日中会話する機会はめっきり減ってしまったが、夜だけは別だった。

両親がいた当時からそうしていたように、日が暮れて、子供たちが皆寝静まろうと

していた頃になると、二人で屋根の上に上った。

夜空を見上げながら、二人でたわいのない話をするこの時間。

誰にも・・・沙生にも言ったことはないが、

 僕はこの時間が一番好きだった。




そしてこれは、中1のある夏の夜のこと・・・。


「奈緒。」

いつもの屋根の上の時間。沙生は透き通るように綺麗な声の響きで、

僕の名を呼んだ。

「ん?」

思わず隣に顔を向けると、沙生は漆黒の夜空を仰いでいた。

最近見せるようになった、以前とは少し違う様な大人の表情に、

心中ドキッとさせられる。

「馬鹿ね、奈緒。何マヌケ面してるのよ。」

無意識に、少しボーっとしていたらしい。いつの間にか、呆れたように笑みを浮か

べる、いつもの沙生の姿があった。

『馬鹿ね、奈緒。』これも沙生の口癖だ。端正な顔に、悪戯好きだった幼い頃の面

影を見て、少し安心した。

「マヌケ面で悪かったな。で、何だ?」

「・・・奈緒の一番大切なものって何?」

「・・・はぁ??」

なんだ突然。突拍子もないのはいつものことだとしても、沙生にしては珍しい質問

だと思った。

そして、沙生の顔に、いつになく真剣な色を感じて、ますます不思議な気分

になった。

「何だよ、いきなり。んなもん突然言われたって・・・。」

「いいから、考えなさい。
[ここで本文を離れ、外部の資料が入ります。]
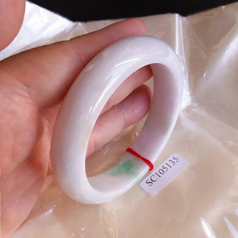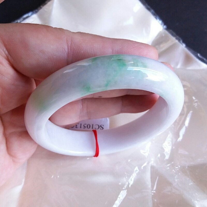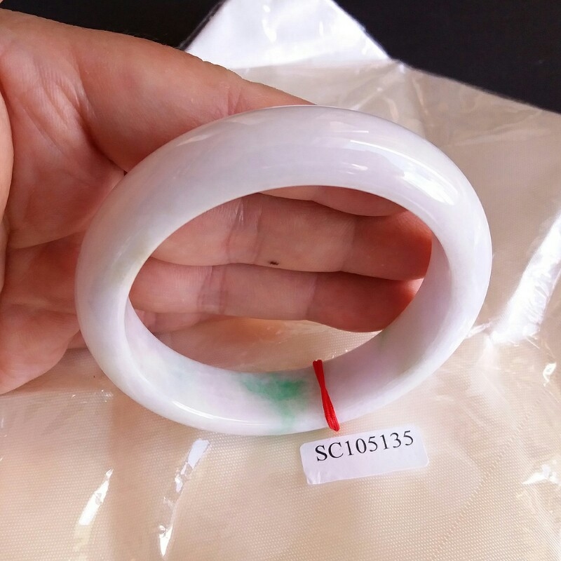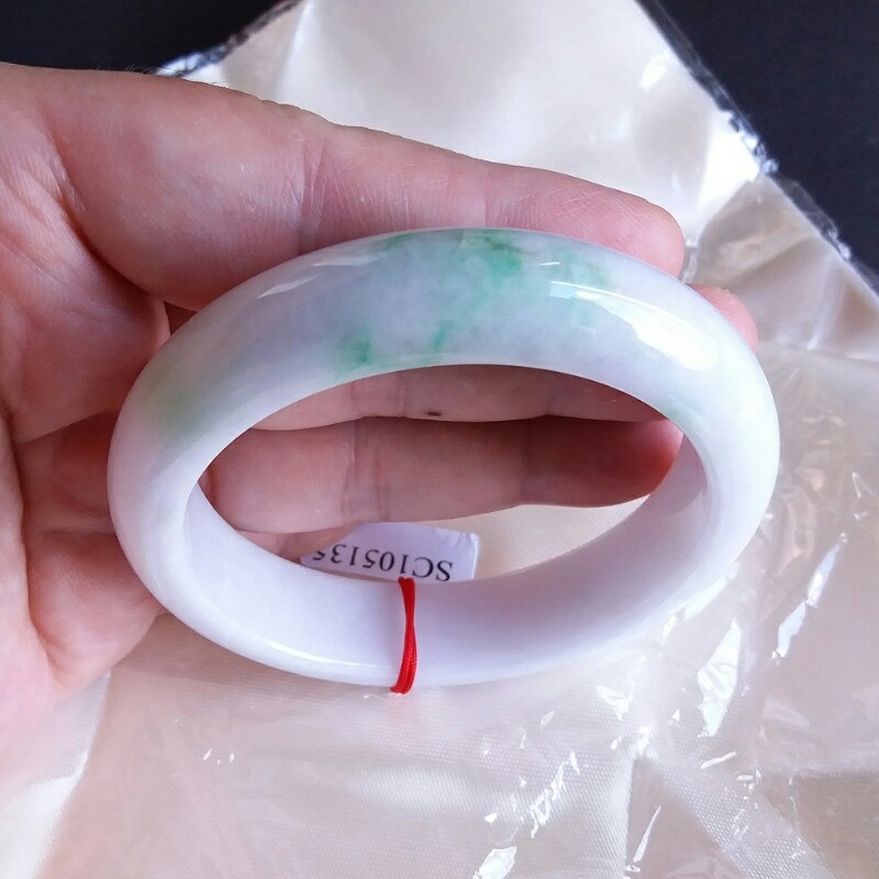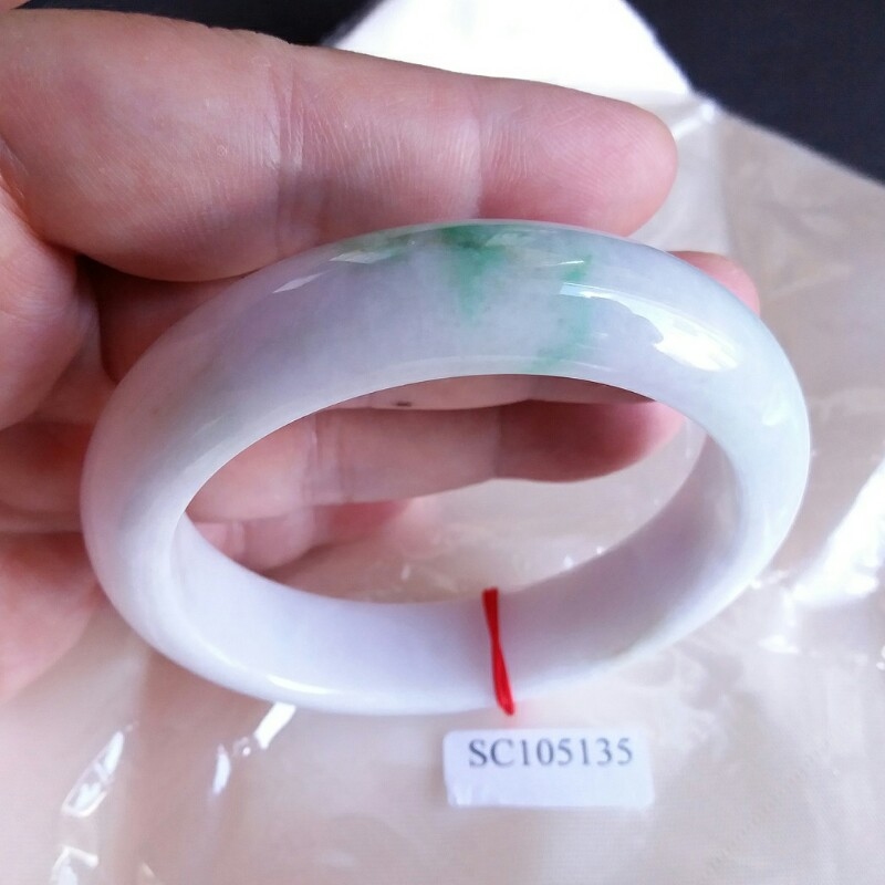 JP522 冰糯白紫底飄綠玉鐲 57.95mm (1.55)

」

・・・考えろったって・・・。

答えなんて、考えるまでもない。

そんなの、ずっと昔から、たった一つに決まっている。

「・・・もしも、よ?もしも、その一番大切なものが、無くなってしまうとしたら

?もう二度と、取り戻せないとしたら・・・。奈緒は、どうする?」

・・・無くなる?俺の前から??

俺の、一番大切なものが・・・?



そんなの、絶対いやだ。



「いやだ。絶対いやだ。何がなんでも守る。・・・例え、自分の命に替えたとして

も、絶対に・・・。」

無くなるなんて。想像もしたくない。

奈緒は、これが「もしも」の話だと言うことも忘れ、沙生の瞳をジッと見つめてい

た。



フッ。



沙生が小さく笑った。

「・・・・そ。」

「・・・そ、って。それで終わりか!?」

「えぇ。・・・そういえば、今日は少し冷えるわね。もぅ入りましょ。

おやすみ、奈緒。」

一方的にそう告げると、あっという間に、部屋の中に姿を消していた。

・・・・・・・・・・。

・・・は?何だったんだいまのは??

いつもよくわからんことを言っているが、

今日は格段に意味不明だ。

「・・・変な沙生。」

奈緒がポツリとつぶやいた声は、夜の闇に吸い込まれるように消えていった。















沙生が行方不明になったのは、

その次の日の事だった。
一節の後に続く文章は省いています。